▶ [What you are asked to do]
The material below holds pictures; leave them out and reproduce exactly the lines from the one with "Blank white book" through the one with "Saat ini, Bitcoin", inclusive.

▶ [Dataset section]
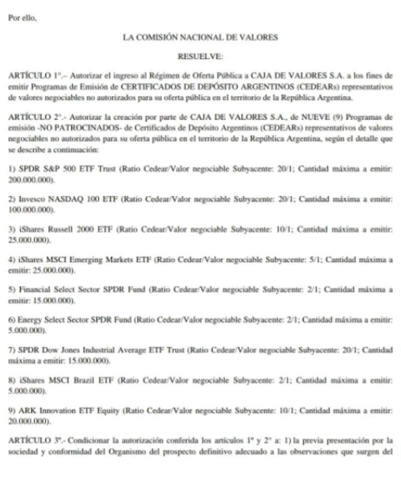 Con los cambios normativos, se podrá adquirir nueve ETF desde Argentina, comprando un Cedear de los cuales estos ETF son subyacentes. Dicho Cedear podrá ser suscripto en pesos o en dólares.
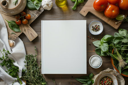 Blank white book cover mockup on a kitchen table surrounded by fresh herbs and food ingredients. AI generative
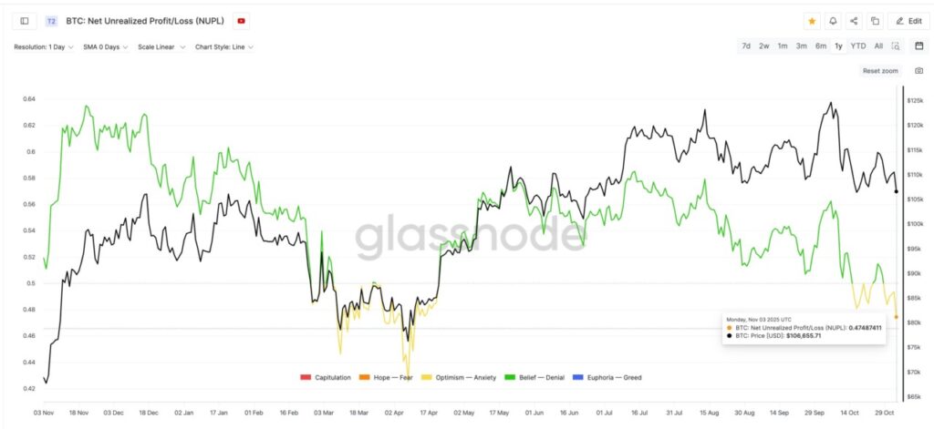 Saat ini, Bitcoin (BTC) berada di sekitar $106.900, sedikit di atas retracement Fibonacci 0,786 di $106.300, yang bertindak sebagai dukungan jangka pendek pada Oktober. Jika level ini terpatahkan, target berikutnya berada di dekat $103.500. Hal ini akan mengakibatkan penurunan sekitar 3%–4% dan akan menurunkan NUPL lebih lanjut.
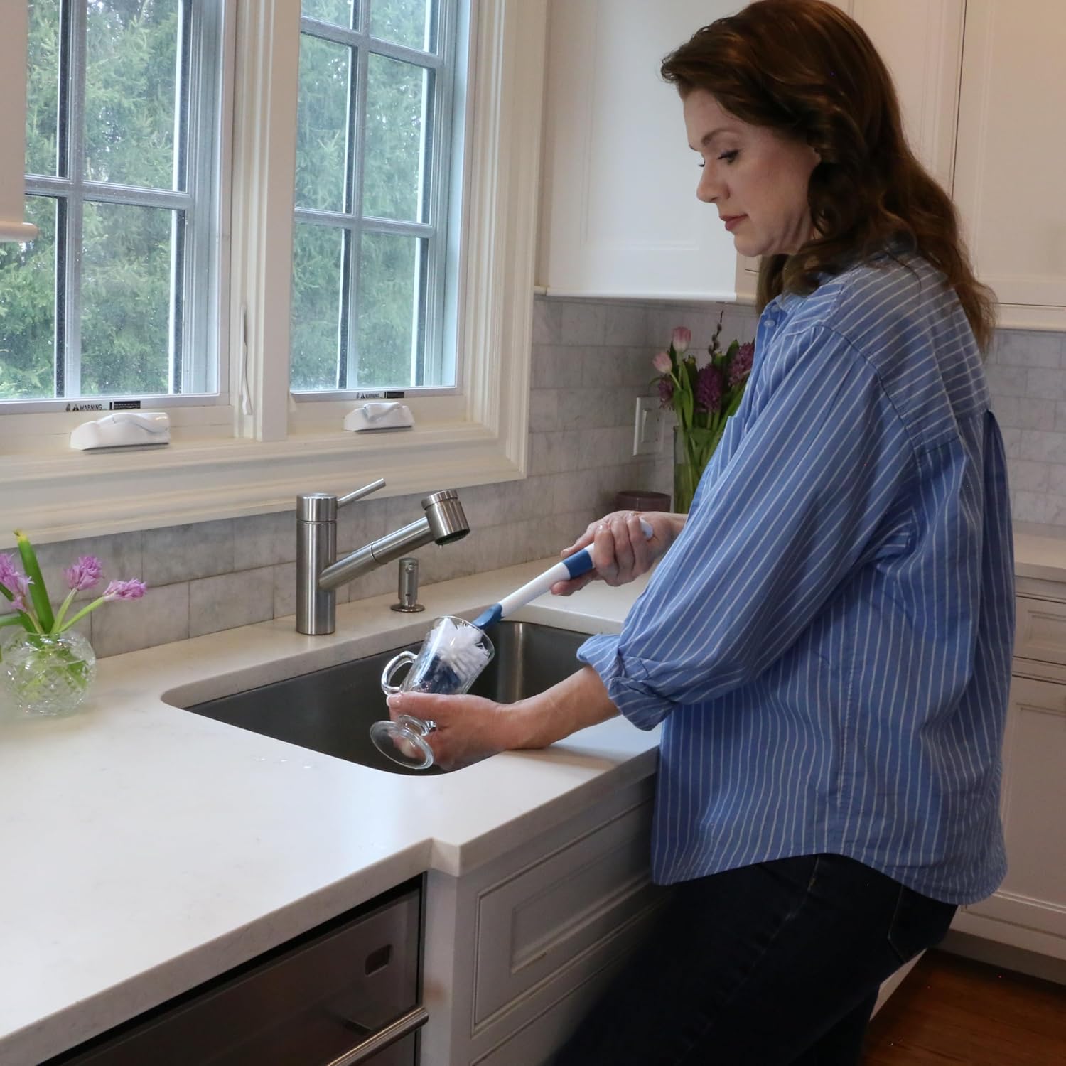 - Versatile Glassware Scrubber: This kitchen brush works especially well at cleaning corners and curves of tall, rounded glassware. It’s great for coffee mugs, travel mugs, water bottles, beer glasses, carafes, and more

▶ [Output of the exercise]
 Blank white book cover mockup on a kitchen table surrounded by fresh herbs and food ingredients. AI generative
 Saat ini, Bitcoin (BTC) berada di sekitar $106.900, sedikit di atas retracement Fibonacci 0,786 di $106.300, yang bertindak sebagai dukungan jangka pendek pada Oktober. Jika level ini terpatahkan, target berikutnya berada di dekat $103.500. Hal ini akan mengakibatkan penurunan sekitar 3%–4% dan akan menurunkan NUPL lebih lanjut.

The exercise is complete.